The key aspects of the chancellor's new measures emerged early when London's Evening Standard newspaper tweeted its front page, which detailed the most crucial aspects of the annual ploy to make the UK more economically healthy.
The Standard posted an apology on its site, with editor Sarah Sands saying, "An investigation is immediately under way into how this front page was made public." The person who sent the tweet has been suspended while that investigation happens, the newspaper boss says.
As for the budget itself, there was little for tech and gadget fiends to get excited about (though we can all rally around 1p off a pint of beer). Mr Osborne did take the opportunity to re-iterate hisplans for the UK's Internet speeds, saying, "We're giving Britain the fastest broadband and mobile telephony in Europe."

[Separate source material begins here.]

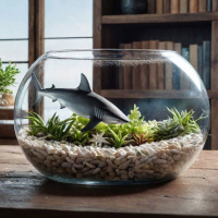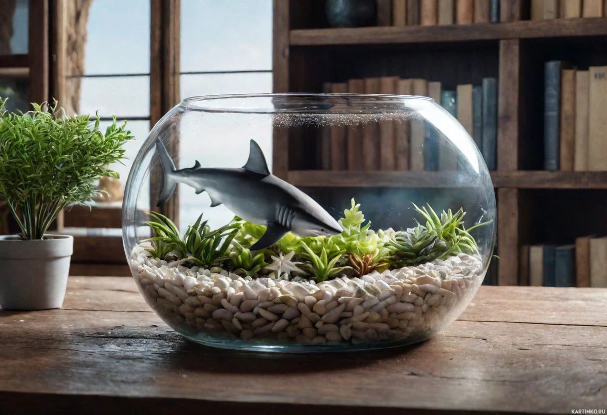 an indoor setting with a decorative, spherical aquarium that contains a sandy substrate and various plants, including what appears to be succulents. Inside the aquarium is a model shark, which adds a playful element to the display. The aquarium is placed on
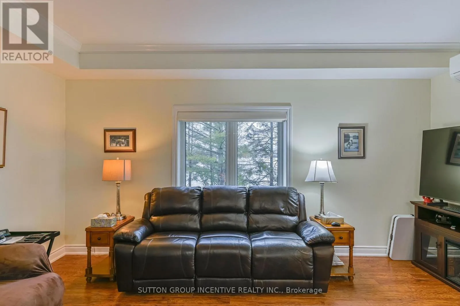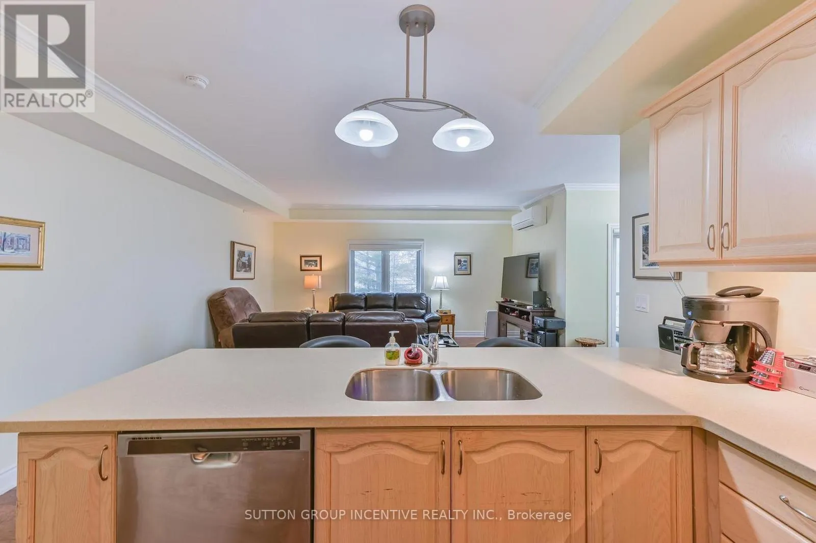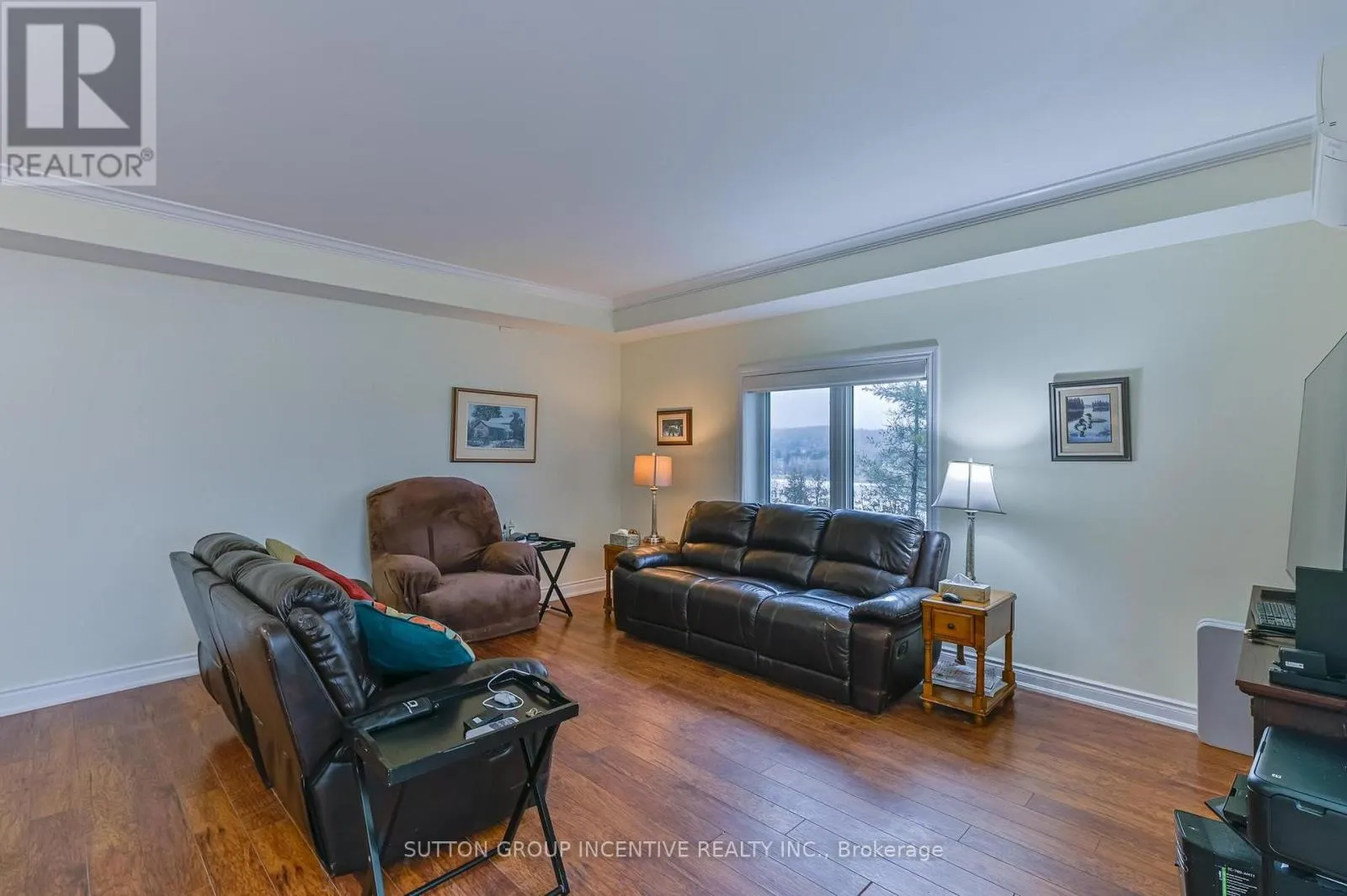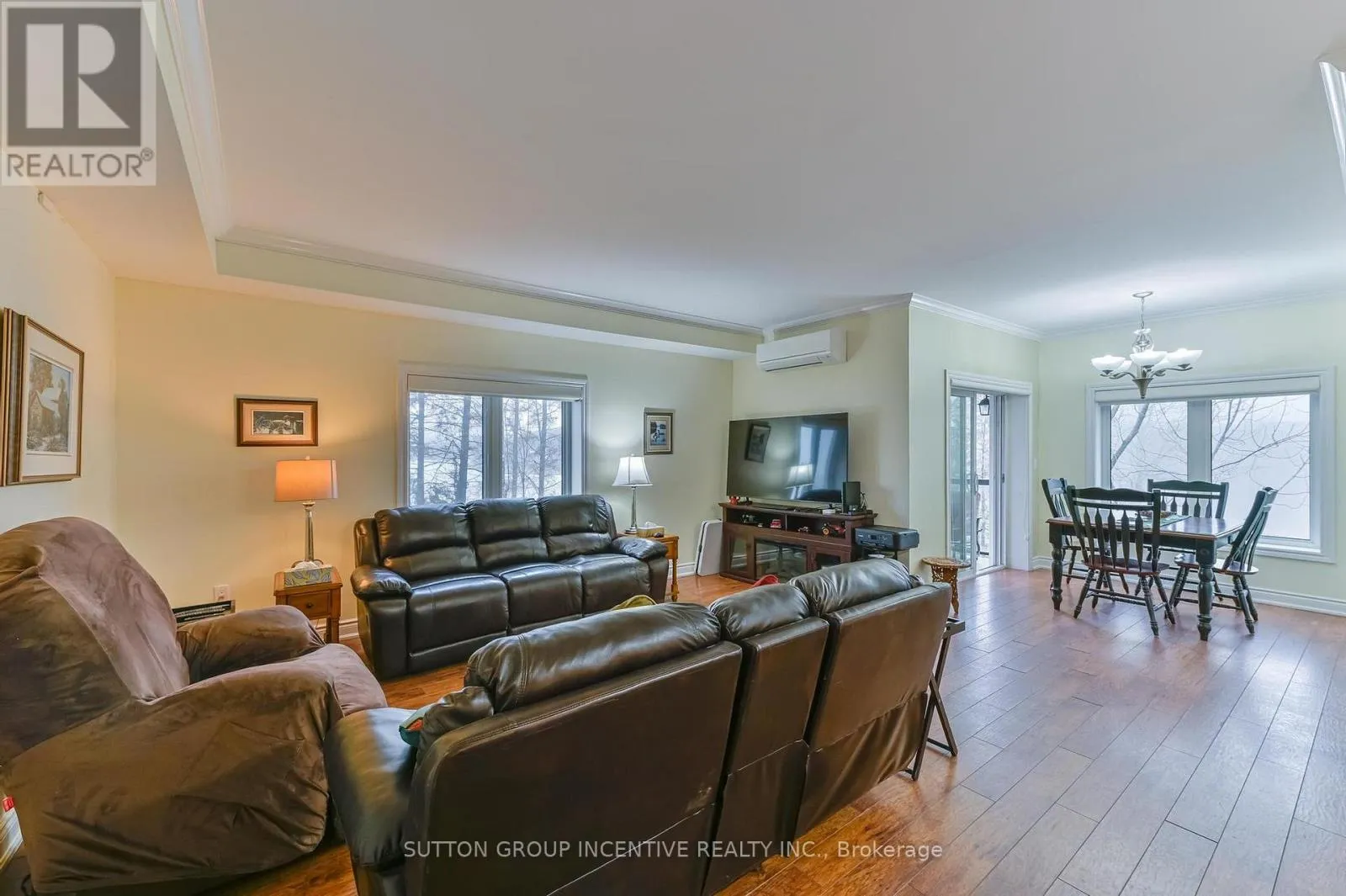 Cross Streets: Mountain & Lake. ** Directions: Maple or Cedar to Mountain to corner Mountain and Lake. Say HELLO to the Granite View!!! A spacious two-bedroom condo offering approximately 1,100 sq ft of comfortable living space with beautiful views over Head Lake from the main windows and private balcony. Bright, open-concept layout with combined living, dining and kitchen areas, ideal for both everyday living and entertaining. Primary bedroom features a walk-in closet and private ensuite, while the second bedroom provides flexibility for guests, office or additional living space. Two full bathrooms including a wheelchair-accessible walk-in shower. Unit also offers automatic door entry with fob access, making it ideal for accessible living. In-suite laundry adds convenience. Includes one indoor parking space, storage locker and the benefit of maintenance-free living. This building is located in the core of Haliburton village, within walking distance to shops, dining, healthcare and amenities!! (id:27476)

That doesn't quite jive with Ofcom's report on the UK's broadband progress from earlier this month, which places the UK third for superfast broadband take-up, for example.
The UK will get faster mobile data this year, as operators have just walked away from a big spectrum auction with slices of bandwidth to use in 4G networks. That auction raised £2.34bn for the UK, but fell short of the £3.5bn Mr Osborne had already factored into the nation's budget.